Gagniere, however, united with Mahoudeau: ‘That’s quite true!’ he said. ‘You can’t say any more that what you write about us is cut out, for you are the master now. And yet, never a word! You didn’t even name us in your articles on the last Salon.’

Then Jory, embarrassed and stammering, in his turn flew into a rage.

‘Ah! well, it’s the fault of that cursed Claude! I don’t care to lose my subscribers simply to please you fellows. It’s impossible to do anything for you! There! do you understand? You, Mahoudeau, may wear yourself out in producing pretty little things; you, Gagniere, may even never do anything more; but you each have a label on the back, and you’ll need ten years’ efforts before you’ll be able to get it off. In fact, there have been some labels that would never come off! The public is amused by it, you know; there were only you fellows to believe in the genius of that big ridiculous lunatic, who will be locked up in a madhouse one of these fine mornings!’

Then the dispute became terrible, they all three spoke at once, coming at last to abominable reproaches, with such outbursts, and such furious motion of the jaw, that they seemed to be biting one another.

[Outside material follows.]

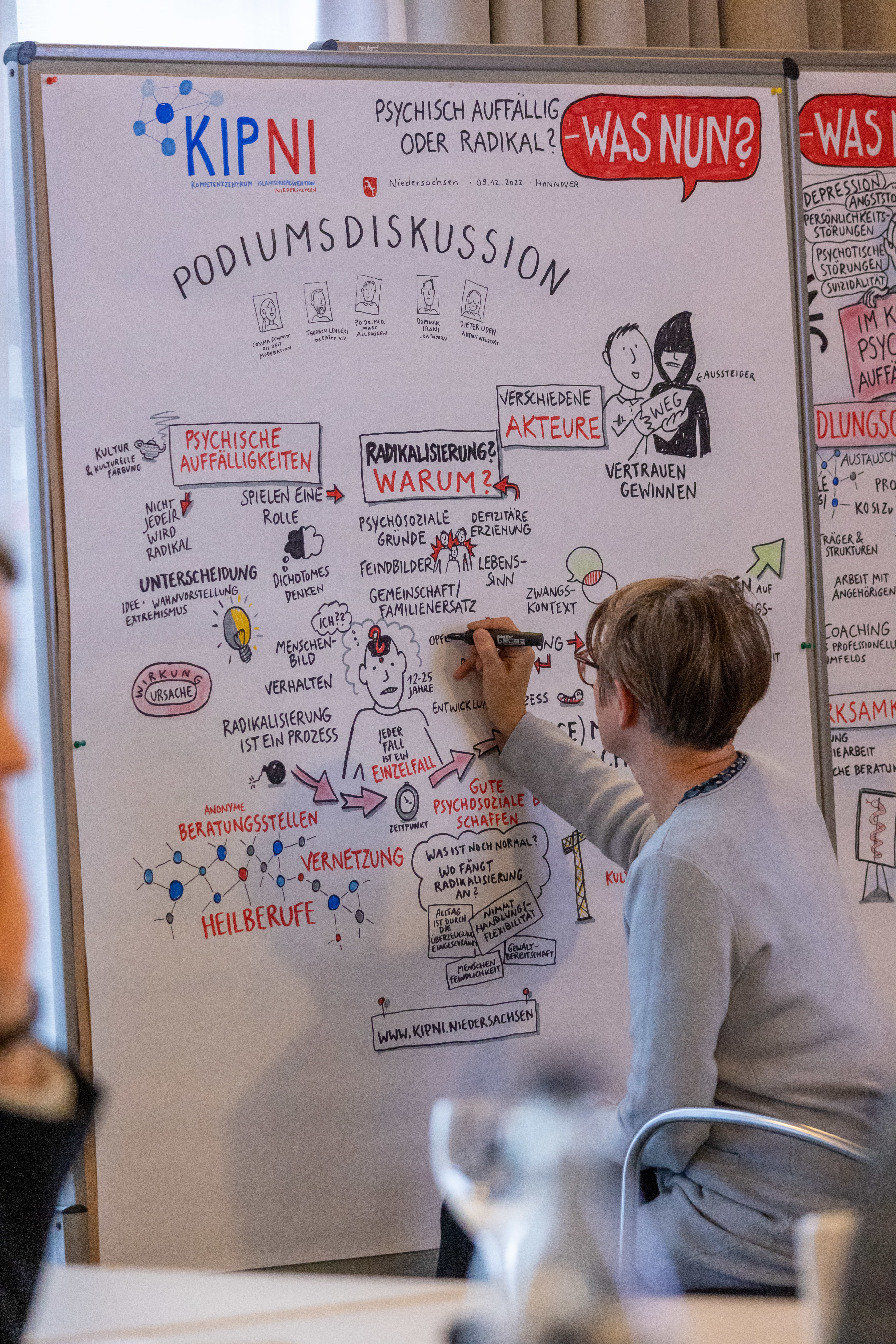 Die Veranstaltung wurde grafisch durch Anja Weiss (Graphic Recording, Illustration & Grafik-Design) begleitet. Sie stellte ihre Eindrücke dem Publikum zum Abschluss der Veranstaltung vor.

Sandoz, seated on the sofa, and disturbed in the gay memories he was recalling, was at last obliged to lend ear to the tumult which reached him through the open doorway.

‘You hear them?’ whispered Claude, with a dolorous smile; ‘they are giving it me nicely! No, no, stay here, I won’t let you stop them; I deserve it, since I have failed to succeed.’

And Sandoz, turning pale, remained there, listening to that bitter quarrelling, the outcome of the struggle for life, that grappling of conflicting personalities, which bore all his chimera of everlasting friendship away.

Henriette, fortunately, became anxious on hearing the violent shouting. She rose and went to shame the smokers for thus forsaking the ladies to go and quarrel together. They then returned to the drawing-room, perspiring, breathing hard, and still shaken by their anger. And as Henriette, with her eyes on the clock, remarked that they certainly would not see Fagerolles that evening, they, began to sneer again, exchanging glances. Ah! he had a fine scent, and no mistake; he wouldn’t be caught associating with old friends, who had become troublesome, and whom he hated.

In fact, Fagerolles did not come. The evening finished laboriously. They once more went back to the dining-room, where the tea was served on a Russian tablecloth embroidered with a stag-hunt in red thread; and under the tapers a plain cake was displayed, with plates full of sweetstuff and pastry, and a barbarous collection of liqueurs and spirits, whisky, hollands, Chio raki, and kummel. The servant also brought some punch, and bestirred himself round the table, while the mistress of the house filled the teapot from the samovar boiling in front of her. But all the comfort, all the feast for the eyes and the fine perfume of the tea did not move their hearts. The conversation again turned on the success that some men achieved and the ill-luck that befell others. For instance, was it not shameful that art should be dishonoured by all those medals, all those crosses, all those rewards, which were so badly distributed to boot? Were artists always to remain like little boys at school? All the universal platitude came from the docility and cowardice which were shown, as in the presence of ushers, so as to obtain good marks.

They had repaired to the drawing-room once more, and Sandoz, who was greatly distressed, had begun to wish that they would take themselves off, when he noticed Mathilde and Gagniere seated side by side on a sofa and talking languishingly of music, while the others remained exhausted, lacking saliva and power of speech. Gagniere philosophised and poetised in a state of ecstasy, while Mathilde rolled up her eyes and went into raptures as if titillated by some invisible wing. They had caught sight of each other on the previous Sunday at the concert at the Cirque, and they apprised each other of their enjoyment in alternate, far-soaring sentences.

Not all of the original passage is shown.